◆ Task description
When you return the lines below, go from the first through the line with "в последнем домашнем", keep them exact, and leave out every picture.

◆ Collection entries
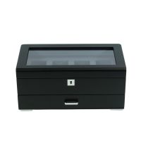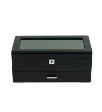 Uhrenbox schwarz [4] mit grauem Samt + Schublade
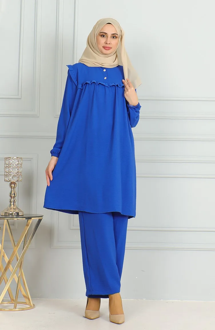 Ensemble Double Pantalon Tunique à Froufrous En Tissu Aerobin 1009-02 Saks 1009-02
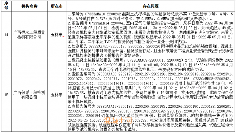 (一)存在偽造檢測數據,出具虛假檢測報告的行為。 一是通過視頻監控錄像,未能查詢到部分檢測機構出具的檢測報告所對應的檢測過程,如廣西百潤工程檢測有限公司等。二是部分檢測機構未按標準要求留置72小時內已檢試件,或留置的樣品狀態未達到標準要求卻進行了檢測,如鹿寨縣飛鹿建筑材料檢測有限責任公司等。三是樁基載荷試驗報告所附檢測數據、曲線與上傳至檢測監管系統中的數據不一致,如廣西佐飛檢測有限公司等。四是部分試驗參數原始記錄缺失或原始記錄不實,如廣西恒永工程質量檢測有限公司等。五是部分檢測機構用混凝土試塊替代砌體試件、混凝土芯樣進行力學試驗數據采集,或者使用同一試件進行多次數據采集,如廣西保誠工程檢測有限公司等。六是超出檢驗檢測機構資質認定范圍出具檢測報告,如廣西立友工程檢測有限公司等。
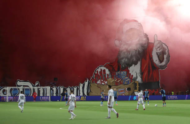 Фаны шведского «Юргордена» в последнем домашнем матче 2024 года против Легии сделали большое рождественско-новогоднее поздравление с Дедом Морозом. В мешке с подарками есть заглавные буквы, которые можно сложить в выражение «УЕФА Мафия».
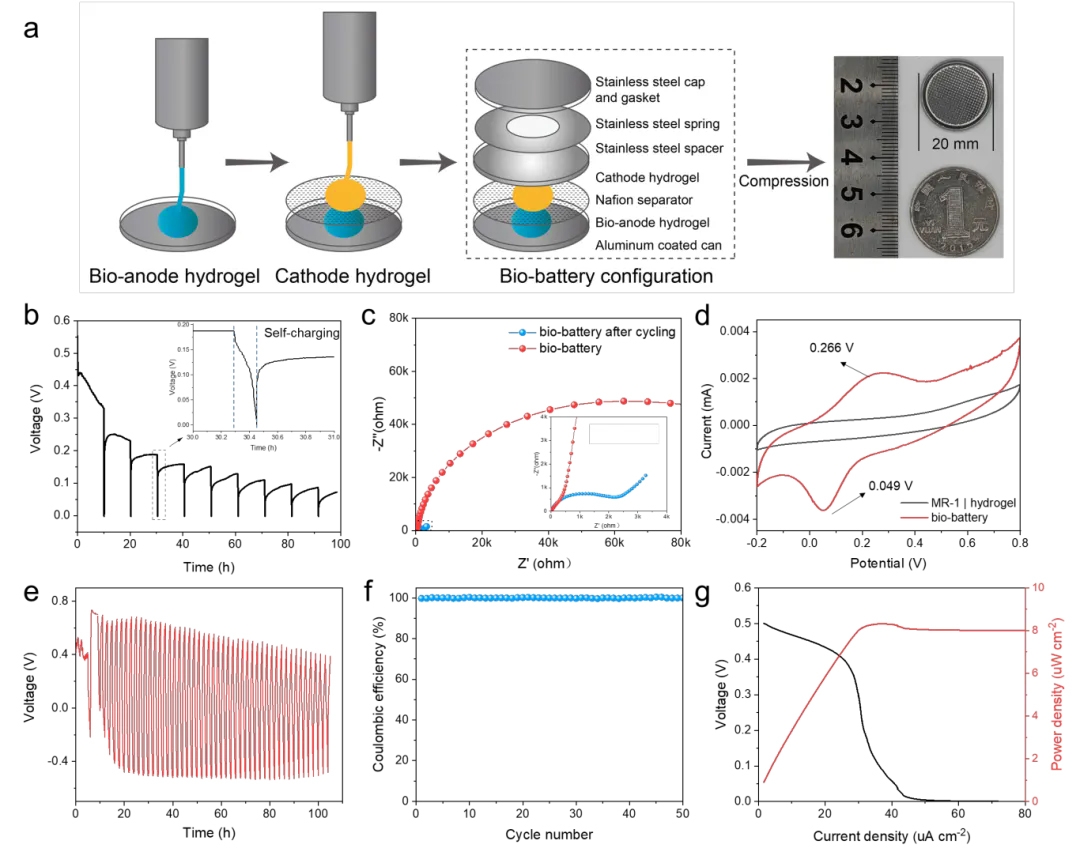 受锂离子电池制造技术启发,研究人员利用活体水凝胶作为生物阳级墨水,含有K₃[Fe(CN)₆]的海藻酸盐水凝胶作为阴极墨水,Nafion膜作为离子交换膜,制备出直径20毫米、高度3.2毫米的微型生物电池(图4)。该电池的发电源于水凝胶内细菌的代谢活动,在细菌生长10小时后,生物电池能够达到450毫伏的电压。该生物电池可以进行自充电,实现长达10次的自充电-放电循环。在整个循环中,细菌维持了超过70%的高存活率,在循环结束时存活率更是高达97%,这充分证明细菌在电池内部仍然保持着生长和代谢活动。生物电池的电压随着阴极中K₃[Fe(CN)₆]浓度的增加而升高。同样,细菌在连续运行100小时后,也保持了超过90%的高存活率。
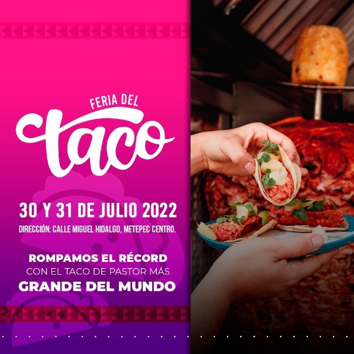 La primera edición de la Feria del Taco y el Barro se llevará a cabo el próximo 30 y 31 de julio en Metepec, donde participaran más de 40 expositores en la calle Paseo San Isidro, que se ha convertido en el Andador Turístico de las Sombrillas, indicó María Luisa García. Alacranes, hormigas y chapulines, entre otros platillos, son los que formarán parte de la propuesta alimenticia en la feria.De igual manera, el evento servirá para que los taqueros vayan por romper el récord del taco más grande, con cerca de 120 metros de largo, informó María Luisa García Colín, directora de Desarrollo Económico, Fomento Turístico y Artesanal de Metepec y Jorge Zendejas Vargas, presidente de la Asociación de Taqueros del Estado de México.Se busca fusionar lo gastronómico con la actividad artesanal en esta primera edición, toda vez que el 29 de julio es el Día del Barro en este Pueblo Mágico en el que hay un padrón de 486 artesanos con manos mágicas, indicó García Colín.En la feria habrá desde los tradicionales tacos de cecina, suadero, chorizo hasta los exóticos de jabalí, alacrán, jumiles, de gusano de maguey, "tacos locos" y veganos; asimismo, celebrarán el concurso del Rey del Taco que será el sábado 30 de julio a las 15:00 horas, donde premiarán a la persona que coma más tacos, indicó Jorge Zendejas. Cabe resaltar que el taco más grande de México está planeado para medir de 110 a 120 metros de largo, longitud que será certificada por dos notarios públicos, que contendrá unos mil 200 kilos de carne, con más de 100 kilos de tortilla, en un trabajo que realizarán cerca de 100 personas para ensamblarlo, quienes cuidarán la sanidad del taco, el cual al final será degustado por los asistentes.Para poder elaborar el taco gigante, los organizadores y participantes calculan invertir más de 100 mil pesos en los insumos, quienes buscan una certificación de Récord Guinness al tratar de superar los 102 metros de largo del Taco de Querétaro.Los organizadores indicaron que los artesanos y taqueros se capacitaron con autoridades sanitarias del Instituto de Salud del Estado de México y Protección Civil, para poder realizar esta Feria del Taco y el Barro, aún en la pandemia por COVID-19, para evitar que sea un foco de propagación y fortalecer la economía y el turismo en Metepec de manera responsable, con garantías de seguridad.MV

◆ Reply
 Uhrenbox schwarz [4] mit grauem Samt + Schublade
 Ensemble Double Pantalon Tunique à Froufrous En Tissu Aerobin 1009-02 Saks 1009-02
 (一)存在偽造檢測數據,出具虛假檢測報告的行為。 一是通過視頻監控錄像,未能查詢到部分檢測機構出具的檢測報告所對應的檢測過程,如廣西百潤工程檢測有限公司等。二是部分檢測機構未按標準要求留置72小時內已檢試件,或留置的樣品狀態未達到標準要求卻進行了檢測,如鹿寨縣飛鹿建筑材料檢測有限責任公司等。三是樁基載荷試驗報告所附檢測數據、曲線與上傳至檢測監管系統中的數據不一致,如廣西佐飛檢測有限公司等。四是部分試驗參數原始記錄缺失或原始記錄不實,如廣西恒永工程質量檢測有限公司等。五是部分檢測機構用混凝土試塊替代砌體試件、混凝土芯樣進行力學試驗數據采集,或者使用同一試件進行多次數據采集,如廣西保誠工程檢測有限公司等。六是超出檢驗檢測機構資質認定范圍出具檢測報告,如廣西立友工程檢測有限公司等。
 Фаны шведского «Юргордена» в последнем домашнем матче 2024 года против Легии сделали большое рождественско-новогоднее поздравление с Дедом Морозом. В мешке с подарками есть заглавные буквы, которые можно сложить в выражение «УЕФА Мафия».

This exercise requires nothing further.